H. Milton Stewart School of Industrial and Systems Engineering, Georgia Institute of Technology, Atlanta, Georgia.
School of Computing and Augmented Intelligence Arizona State University, Tempe, Arizona.
J Endod. 2024 Oct;50(10):1505-1514.e1. doi: 10.1016/j.joen.2024.07.012. Epub 2024 Aug 2.

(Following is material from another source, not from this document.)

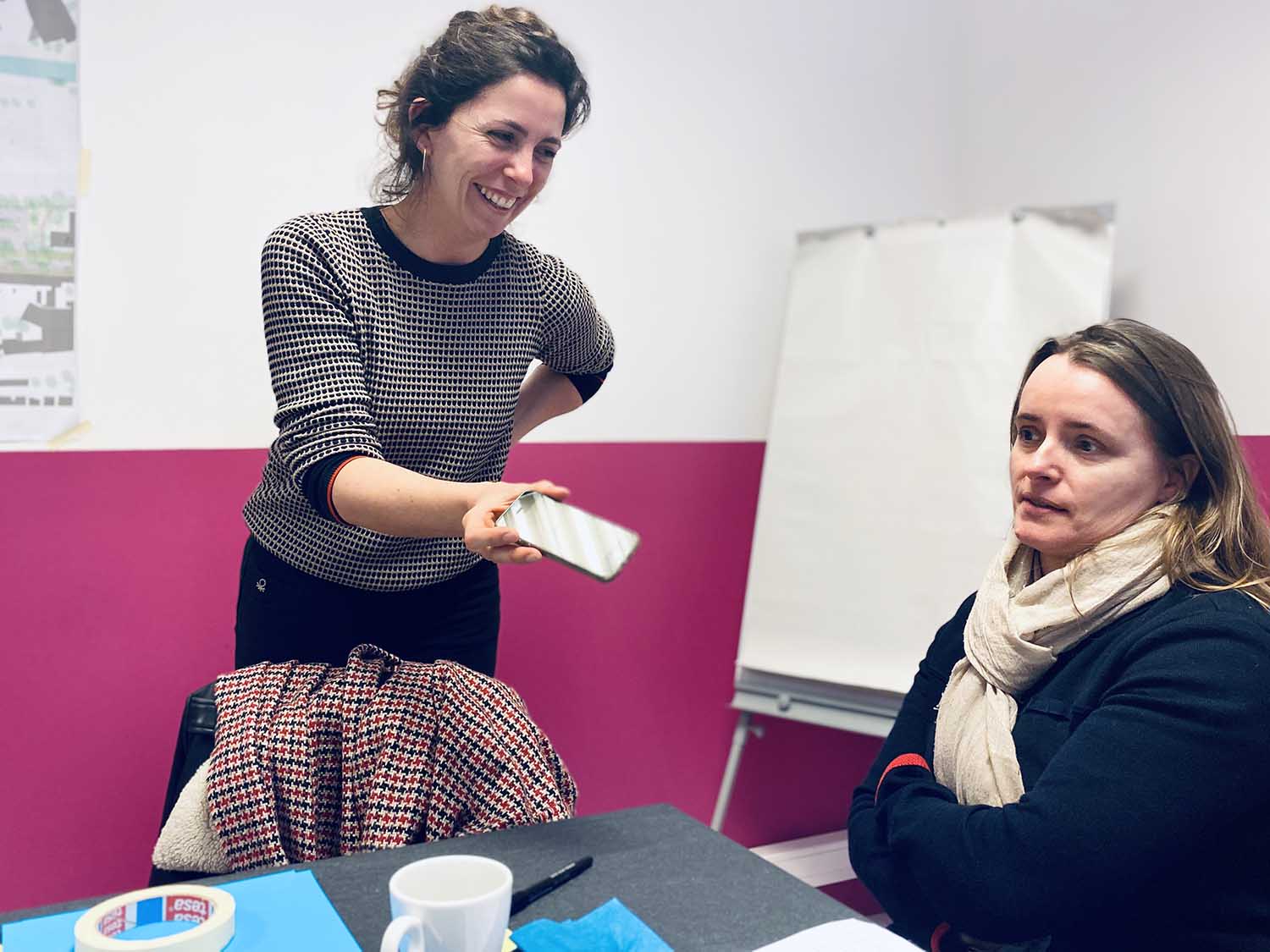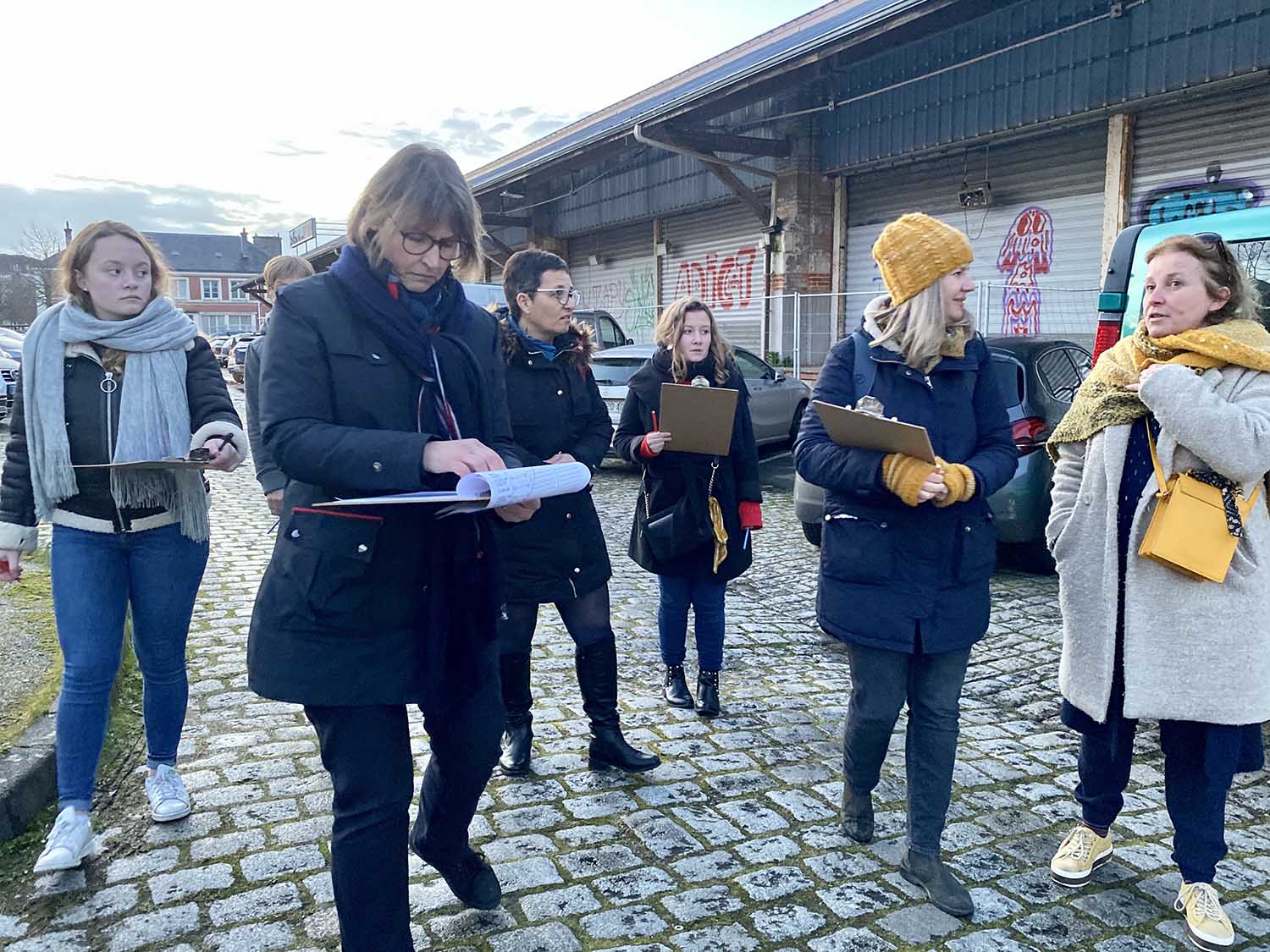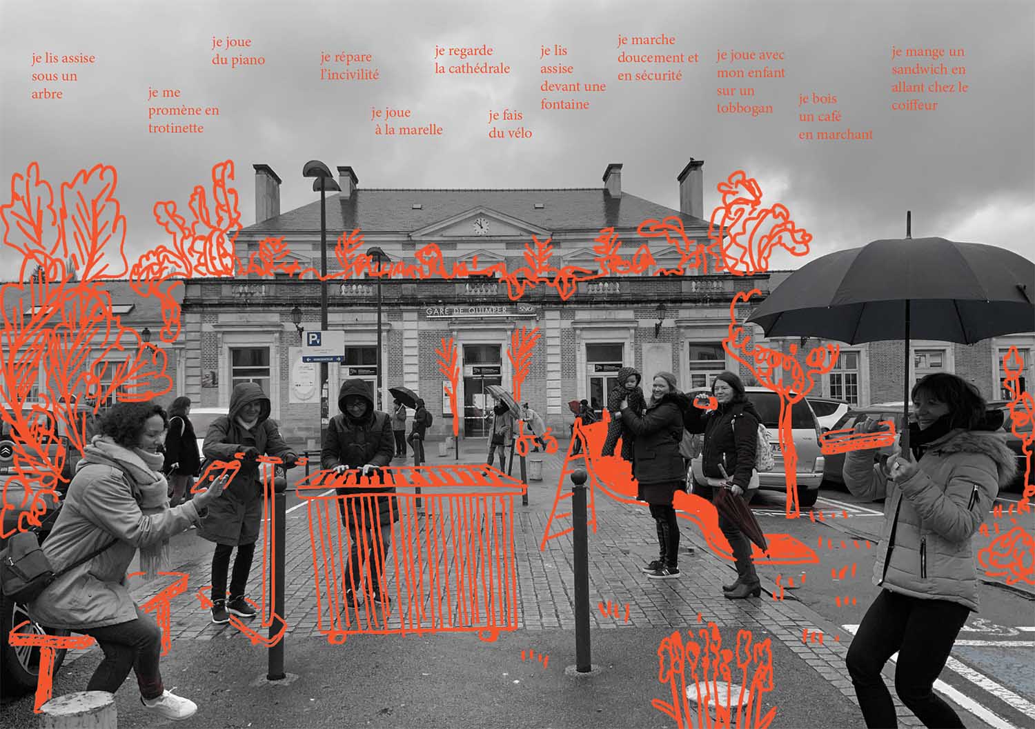 Connaissant le projet d’aménagement dans les moindres détails et bien connectées avec le quartier grâce à notre projet Gare-Parc, nous avons conçu et mis en œuvre une expérimentation inspirée « des marches exploratoires des femmes » et de protocoles des artistes associés de Cuesta, notamment « Plateau-Photo » de GONGLE afin de recueillir des données sensibles sur l’aménagement, mais aussi les modes de gestion et d’animation de ces espaces publics.

Cone-beam computed tomography (CBCT) is widely used to detect jaw lesions, although CBCT interpretation is time-consuming and challenging. Artificial intelligence for CBCT segmentation may improve lesion detection accuracy. However, consistent automated lesion detection remains difficult, especially with limited training data. This study aimed to assess the applicability of pretrained transformer-based architectures for semantic segmentation of CBCT volumes when applied to periapical lesion detection.

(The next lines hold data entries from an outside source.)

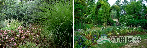 入口視線落腳點(diǎn)以粉黛亂子草+大濱菊花帶為中景,以紫絨鼠尾草+亞麻“紅劍”+微型月季“玫紅”為前景,在細(xì)葉芒的掩映下,將花園內(nèi)部形成若隱若現(xiàn)的效果;木香花架側(cè)采用花帶式種植,利用粉黛亂子草可達(dá)1.5m以上的枝葉進(jìn)行空間分割,形成既與周圍環(huán)境風(fēng)格統(tǒng)一又相對(duì)私密的花園獨(dú)立空間。并采用大濱菊做邊緣隔離、金線石菖蒲做填充,既限定了粉黛亂子草的生長(zhǎng)區(qū)域,又增加了景觀多樣性。
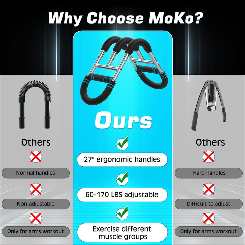 - Upgrade Resistance: Upgraded with 3 bars, the arm workout equipment offers adjustable resistance levels from 60-170 lbs, suitable for people with different fitness levels. Whether you're a fitness novice or a professional athlete, you can adapt the intensity to your own needs for progressive and effective training.
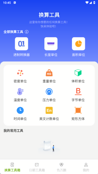 慧效工具箱,这是一个手机多功能工具箱软件,这里有非常丰富的工具等你体验,分类详细,包括换算工具、日期工具等,用户们选择需要的工具可直接使用哦,完全免费无限制。该软件的界面是非常简洁清爽的,使用期间无广告打扰哦!
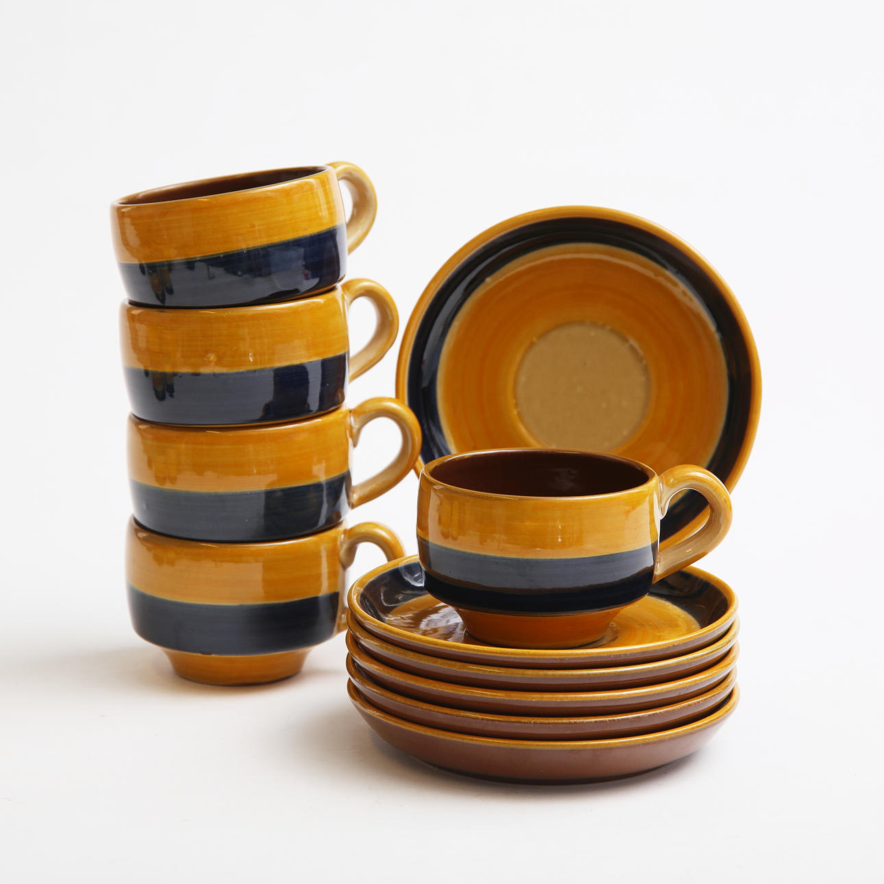 5 cups with 6 barrels, the height of the cup about 6.5 cm, the diameter of the saucer about 15.5 cm

CBCT volumes (n = 138) were collected and annotated by expert clinicians using 5 labels - "lesion," "restorative material," "bone," "tooth structure," and "background." U-Net (convolutional neural network-based) and Swin-UNETR (transformer-based) models, pretrained (Swin-UNETR-PRETRAIN), and from scratch (Swin-UNETR-SCRATCH), were trained with subsets of the annotated CBCTs. These models were then evaluated for semantic segmentation performance using the Sørensen-Dice coefficient (DICE), lesion detection performance using sensitivity and specificity, and training sample size requirements by comparing models trained with 20, 40, 60, or 103 samples.
Trained with 103 samples, Swin-UNETR-PRETRAIN achieved a DICE of 0.8512 for "lesion," 0.8282 for "restorative materials," 0.9178 for "bone," 0.9029 for "tooth structure," and 0.9901 for "background." "Lesion" DICE was statistically similar between Swin-UNETR-PRETRAIN trained with 103 and 60 images (P > .05), with the latter achieving 1.00 sensitivity and 0.94 specificity in lesion detection. With small training sets, Swin-UNETR-PRETRAIN outperformed Swin-UNETR-SCRATCH in DICE over all labels (P < .001 [n = 20], P < .001 [n = 40]), and U-Net in lesion detection specificity (P = .006 [n = 20], P = .031 [n = 40]).
Transformer-based Swin-UNETR architectures allowed for excellent semantic segmentation and periapical lesion detection. Pretrained, it may provide an alternative with smaller training datasets compared to classic U-Net architectures.
锥形束计算机断层扫描(CBCT)广泛用于检测颌骨病变,尽管 CBCT 解读既耗时又具有挑战性。用于 CBCT 分割的人工智能可能会提高病变检测的准确性。然而,一致的自动病变检测仍然很困难,尤其是在训练数据有限的情况下。本研究旨在评估在应用于根尖病变检测时,用于 CBCT 容积语义分割的预训练基于变压器的体系结构的适用性。
收集 CBCT 容积(n=138),并由专家临床医生使用 5 个标签(“病变”、“修复材料”、“骨”、“牙结构”和“背景”)进行注释。使用标注的 CBCT 的子集对 U-Net(基于卷积神经网络)和 Swin-UNETR(基于变压器)模型(预训练的 Swin-UNETR-PRETRAIN)和从头开始(Swin-UNETR-SCRATCH)进行训练。然后,使用 Sørensen-Dice 系数(DICE)评估这些模型的语义分割性能,使用灵敏度和特异性评估病变检测性能,并通过比较使用 20、40、60 或 103 个样本训练的模型,评估训练样本大小的要求。
使用 103 个样本训练的 Swin-UNETR-PRETRAIN 在“病变”上的 DICE 为 0.8512,在“修复材料”上为 0.8282,在“骨”上为 0.9178,在“牙结构”上为 0.9029,在“背景”上为 0.9901。Swin-UNETR-PRETRAIN 用 103 和 60 张图像训练时,“病变”的 DICE 差异无统计学意义(P>.05),后者在病变检测中具有 1.00 的灵敏度和 0.94 的特异性。在小训练集的情况下,Swin-UNETR-PRETRAIN 在所有标签上的 DICE 均优于 Swin-UNETR-SCRATCH(P<.001[n=20],P<.001[n=40]),并且在病变检测特异性方面优于 U-Net(P=.006[n=20],P=.031[n=40])。
基于变压器的 Swin-UNETR 架构允许进行出色的语义分割和根尖病变检测。与经典的 U-Net 架构相比,使用预训练,它可以在较小的训练数据集上提供替代方案。